INFO 07-09 19:56:24 [config.py:2285] Chunked prefill is enabled with max_num_batched_tokens=2048.
...... loading the model ......
[INFO:swift] swift.version: 3.6.0.dev0
[INFO:swift] request_config: RequestConfig(max_tokens=1024, temperature=0.0, top_k=None, top_p=None, repetition_penalty=None, num_beams=1, stop=[], seed=None, stream=False, logprobs=False, top_logprobs=None, n=1, best_of=None, presence_penalty=0.0, frequency_penalty=0.0, length_penalty=1.0)
[rank0]:[W709 19:57:05.788547688 ProcessGroupNCCL.cpp:4718] [PG ID 0 PG GUID 0 Rank 0] using GPU 0 as device used by this process is currently unknown. This can potentially cause a hang if this rank to GPU mapping is incorrect. You can pecify device_id in init_process_group() to force use of a particular device.

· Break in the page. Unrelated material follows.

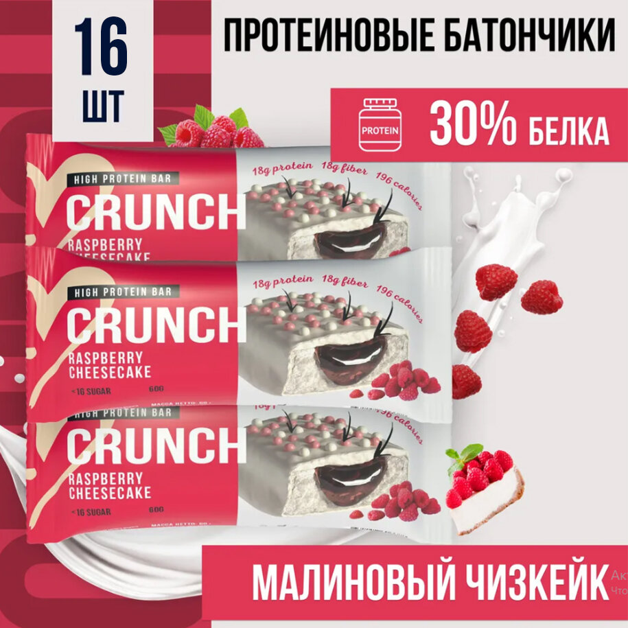 10 цен на Протеиновый батончик BOOTYBAR Crunch, Малиновый чизкейк, 16 шт по 60 г

[INFO:swift] val_dataset: Dataset({
features: ['messages'],
num_rows: 100
})
[WARNING:swift] max_model_len(40960) - num_tokens(118444) < max_tokens(1024). Setting max_tokens: -77484
[rank0]: Traceback (most recent call last):
[rank0]: File "/home/yekyung/git/ms-swift/swift/cli/infer.py", line 5, in
[rank0]: infer_main()
[rank0]: File "/home/yekyung/git/ms-swift/swift/llm/infer/infer.py", line 279, in infer_main
[rank0]: return SwiftInfer(args).main()
[rank0]: ^^^^^^^^^^^^^^^^^^^^^^^
[rank0]: File "/home/yekyung/git/ms-swift/swift/llm/base.py", line 49, in main
[rank0]: result = self.run()
[rank0]: ^^^^^^^^^^
[rank0]: File "/home/yekyung/git/ms-swift/swift/llm/infer/infer.py", line 91, in run
[rank0]: result = self.infer_dataset()
[rank0]: ^^^^^^^^^^^^^^^^^^^^
[rank0]: File "/home/yekyung/git/ms-swift/swift/llm/infer/infer.py", line 237, in infer_dataset
[rank0]: result_list += self._batch_infer(shard_dataset, request_config)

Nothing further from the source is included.